We should also check (using the TestSuite) that  __reduce__()[1] doesn't 
link back to the object being pickled, since that is not supported by 
Python.




On Tuesday, September 17, 2013 10:15:14 AM UTC+1, Simon King wrote:
>
> Hi Nils, 
>
> On 2013-09-16, Nils Bruin <nbr...@sfu.ca <javascript:>> wrote: 
> > If we change the first line to base=SageObject, we get an attribute 
> error, 
> > which can be traced back to the definition of __hash__ (defined on 
> > SageObject) trying to call __repr__ . Thus, we can say that SageObject 
> > breaks pickling on circular structures, in that things that work 
> perfectly 
> > fine when inheriting from "object", break when we use SageObject 
> instead. 
>
> I am of course not the person who created SageObject. But I think I can 
> see the rationale for how its hash is implemented: In Python's <object>, 
> the default is that comparison is by identity, and hence the hash is 
> obtained from the object's address in memory, id(). In Sage, we are more 
> likely in a situation where non-identical objects evaluate equal. Hence, 
> if we want a default hash at all, then it should take this into account. 
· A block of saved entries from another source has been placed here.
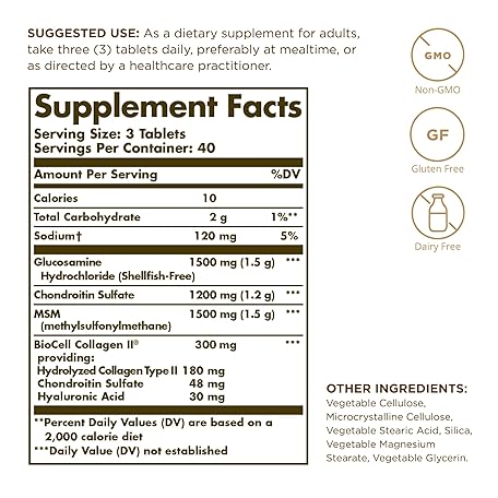 Thông tin sản phẩm Solgar Glucosamine Hyaluronic Acid Chondroitin MSM - 120 Tablets, Pack of 2 - Promotes Healthy Joints, Supports Comfortable Movement - Non-GMO, Gluten Free - 80 Total Servings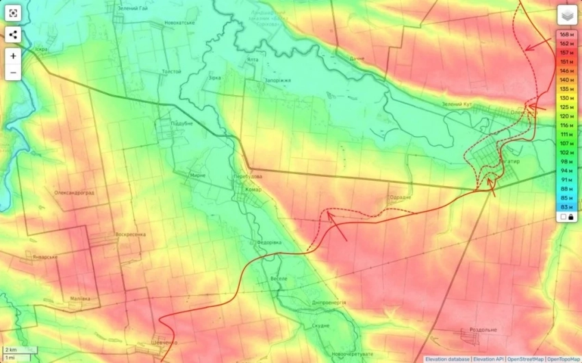 По его информации, в соседней Алексеевке продолжаются ожесточённые бои. Российские войска развивают наступление в сторону села Отрадное и продвигаются к населенному пункту Комар.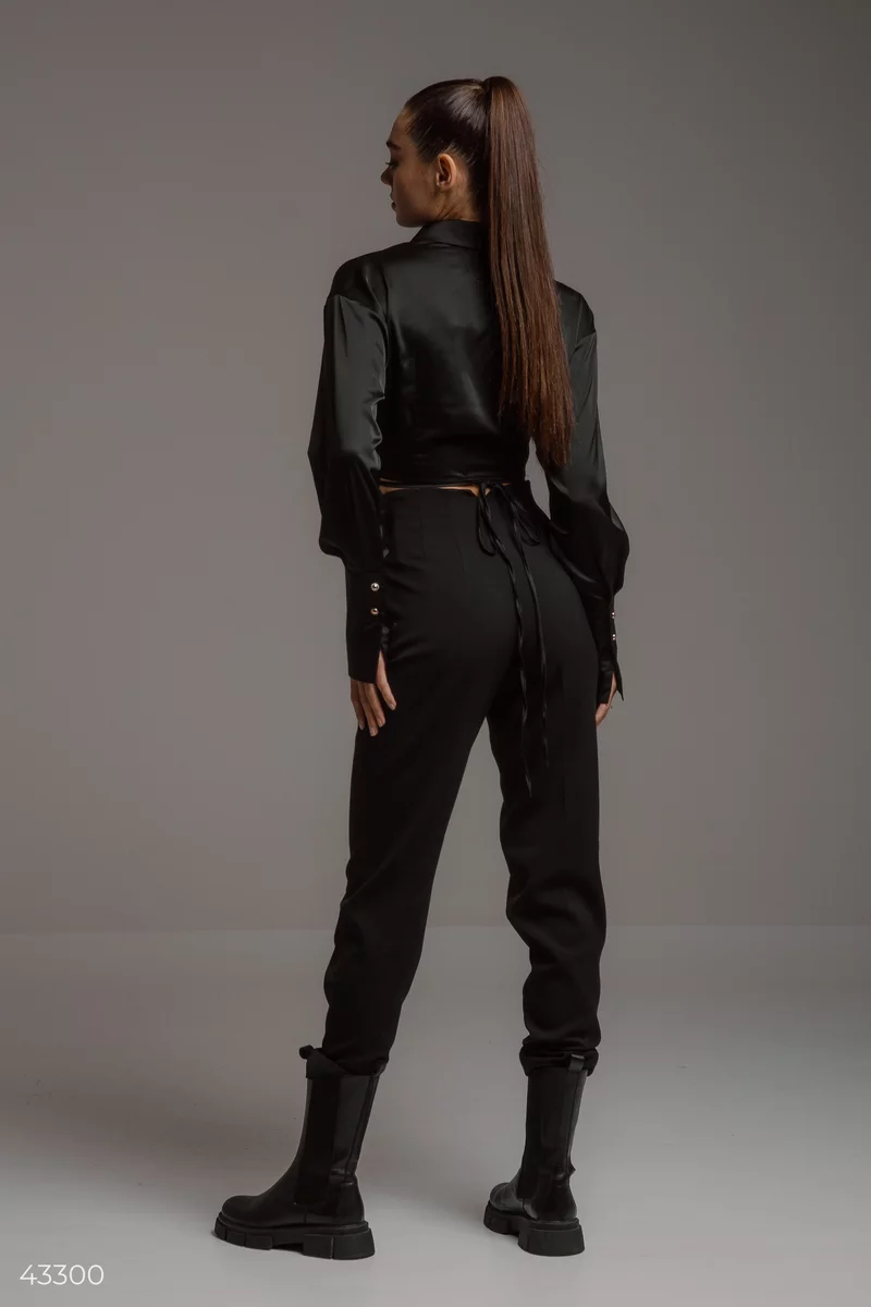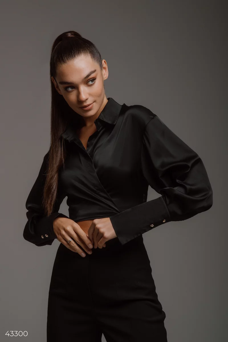 Укорочена блузка в чорному кольорі. Виконали з м'якого штучного шовку. Оригінальний крій блузи підкреслює зону декольте. Акуратний комір, подовжений рукав з акцентними манжетами і довгі зав'язки на запах. Блузу можна комбінувати, як із класичними брюками, так і джинсами.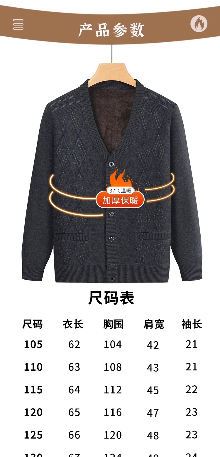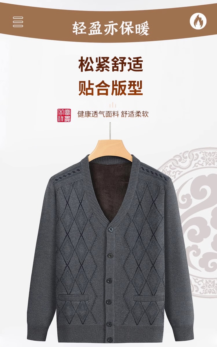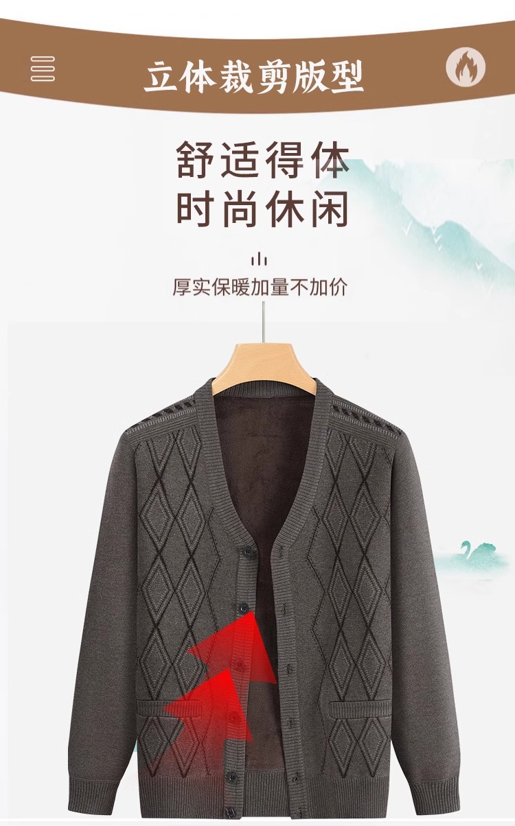 Дедушка теплая одежда осенью и зимой теплая мужская свитер кардиган с бархатным толстым папа вязаная куртка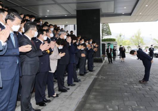 [서울=뉴시스]김명원 기자 = 정세균 국무총리가 16일 오후 서울 종로구 세종대로 정부서울청사에서 이임식을 마친 뒤 각 부처 장차관 및 직원들을 향해 고개 숙여 인사하고 있다. (공동취재사진) 2021.04.16. photo@newsis.com |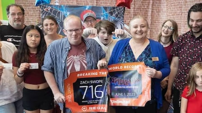 യുഎസിലെ പെന്സില്വാനിയ സ്വദേശിയായ 32 കാരന് ഒരു വര്ഷത്തിനുള്ളില് ഏറ്റവും കൂടുതല് സിനിമകള് കണ്ട്ലോക റെക്കോര്ഡ് സ്വന്തമാക്കിയിരിക്കുകയാണ്. സക്കറിയ സ്വോപ്പ് എന്ന യുവാവാണ് ഈ അസാധാരണ നേട്ടം കൈവരിച്ചിരിക്കുകയാണ്. 2022 മെയ് മുതല് 2023 മെയ് വരെയുള്ള 12 മാസ കാലയളവില്, സ്വോപ്പ് തന്റെ സമയത്തിന്റെ ഭൂരിഭാഗവും റീഗല് സിനിമ തിയേറ്ററിലാണ് ചെലവഴിച്ചത്. മൊത്തം 777 സിനിമകളാണ് ഈ കാലയളവില് അദ്ദേഹം കണ്ടത്. സ്വോപ്പിന്റെ ഈ മൂവി മാരത്തോണില് വൈവിധ്യമാര്ന്ന സിനിമകള് ഉള്പ്പെടുന്നു, മിനിയന്സ്: റൈസ് ഓഫ് ഗ്രുവില് എന്ന സിനിമ കണ്ടാണ് സക്കറിയ ഈ ദൗത്യം തുടങ്ങിയത്, ഇന്ത്യാന ജോണ്സ്, ഡയല് ഓഫ് ഡെസ്റ്റിനി എന്നീ സിനിമകള് കണ്ടാണ് അവസാനിപ്പിച്ചത്.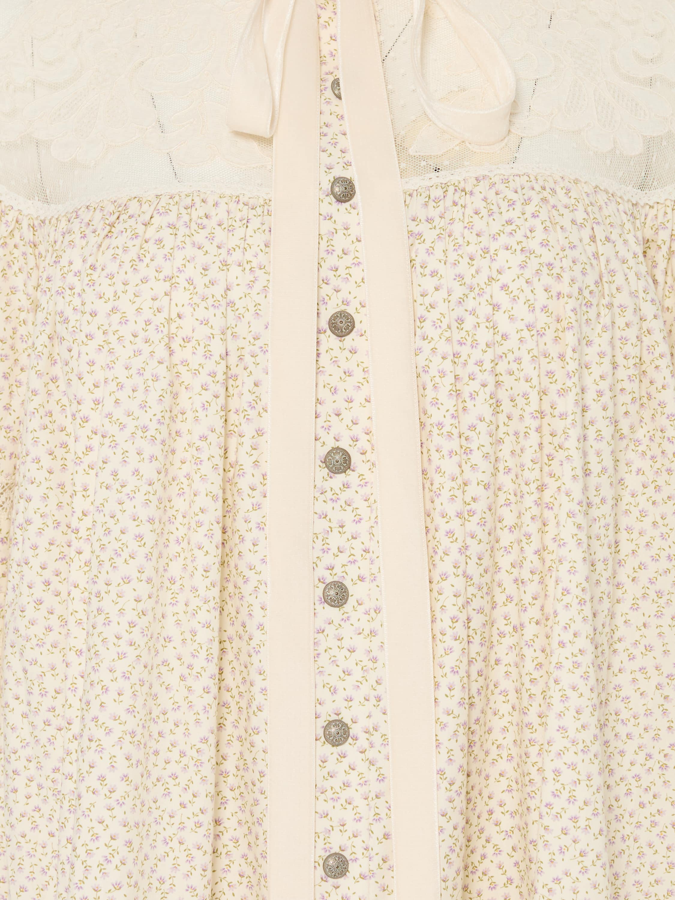 The delicate dress in a milky shade is made of pleasant-to-the-touch cotton decorated with an exquisite floral print. The A-line silhouette harmoniously combines with a lace yoke and a ruffle along the hem, creating a light and romantic look. The practical snap-button closure on the placket makes the dress easy to wear, which makes it an excellent choice for warm spring and summer days.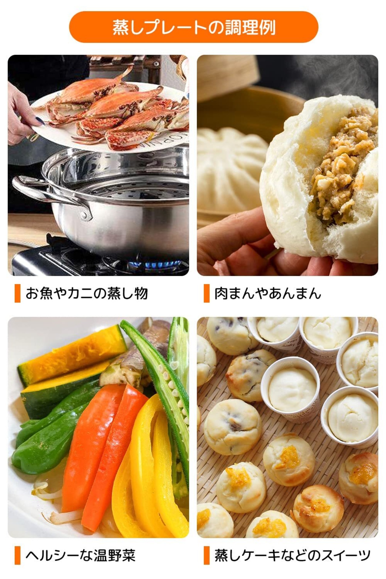 【 料理のバリエーションが増える 】 栄養も逃しにくい蒸し料理に挑戦してみませんか 本製品のスチール製の蒸しプレートで、ご家庭でも簡単に蒸し料理をお楽しみいただけます。野菜、エビ、魚、肉まん、餃子など様々な食材を蒸して、美味しくヘルシーに調理できます 炒める、煮る、茹でることの他に、料理のバリエーション増加にお役立てください!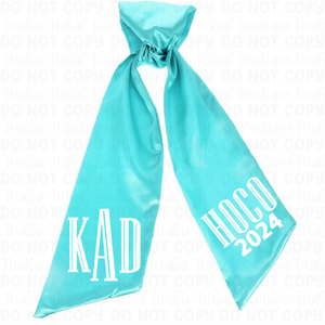 Embroidered satin sash for Homecoming, Prom, or Wedding Bouquet. These are available made to order satin sashes. You can customize your bouquet sash with the date and a monogram, boyfriend/girlfriends name, school name, it's up to you!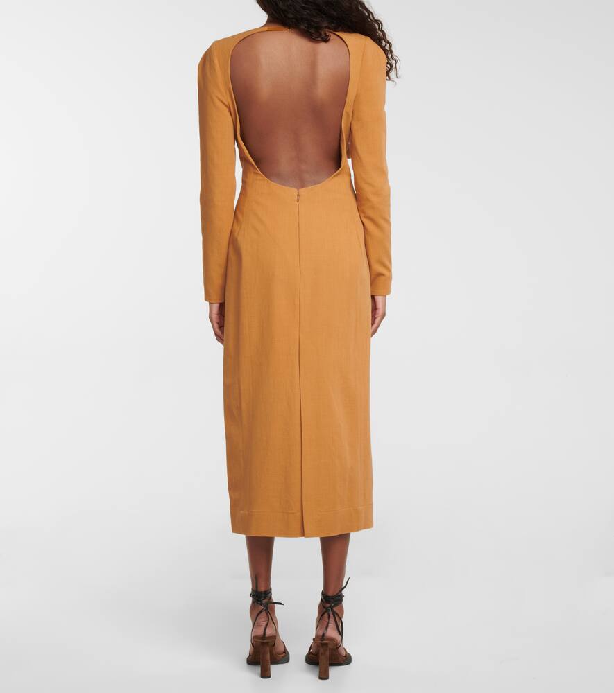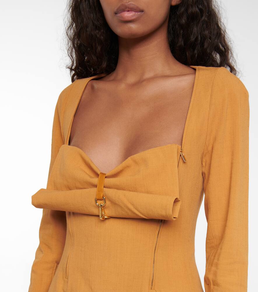Платье миди La Robe Terra от Jacquemus выполнено из ткани цвета верблюжьей шерсти с добавлением льна. Вырез сердечком регулируется с помощью ремешка-застёжки. Открытая спина и манжеты на молнии.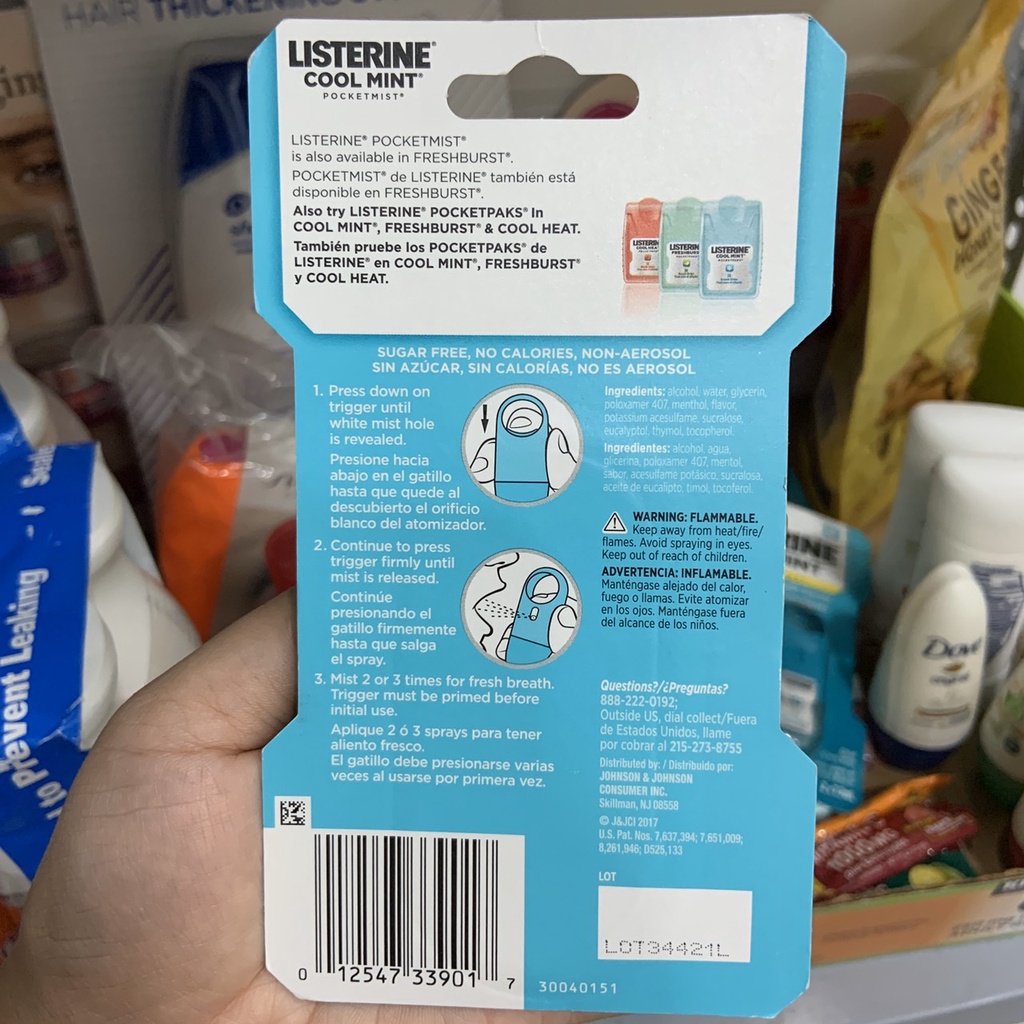 Giới thiệu Xịt thơm miệng Listerine Cool Mint Pocketmist diệt vi khuẩn gây hôi miệng đến 99.9% - EDS Hàng Mỹ

> And it is a good guess that two Sage objects evaluate equal only if their 
> string representations are equal (but not "if and only if"). 
>
> Some problems, though: The string representation is not always available 
> when we need the hash. Computing the string representation is quite 
> expensive, and hence the default hash is very slow; but at least it is 
> cached now, as of version Sage-5.12.beta5. And, worst: The string 
> representation can be customized after object creation, and so the hash 
> value depends on whether the hash was first called before or after 
> renaming. Example: 
>
>  sage: class MyParent(Parent): pass 
>  sage: P1, P2, P3 = MyParent(), MyParent(), MyParent() 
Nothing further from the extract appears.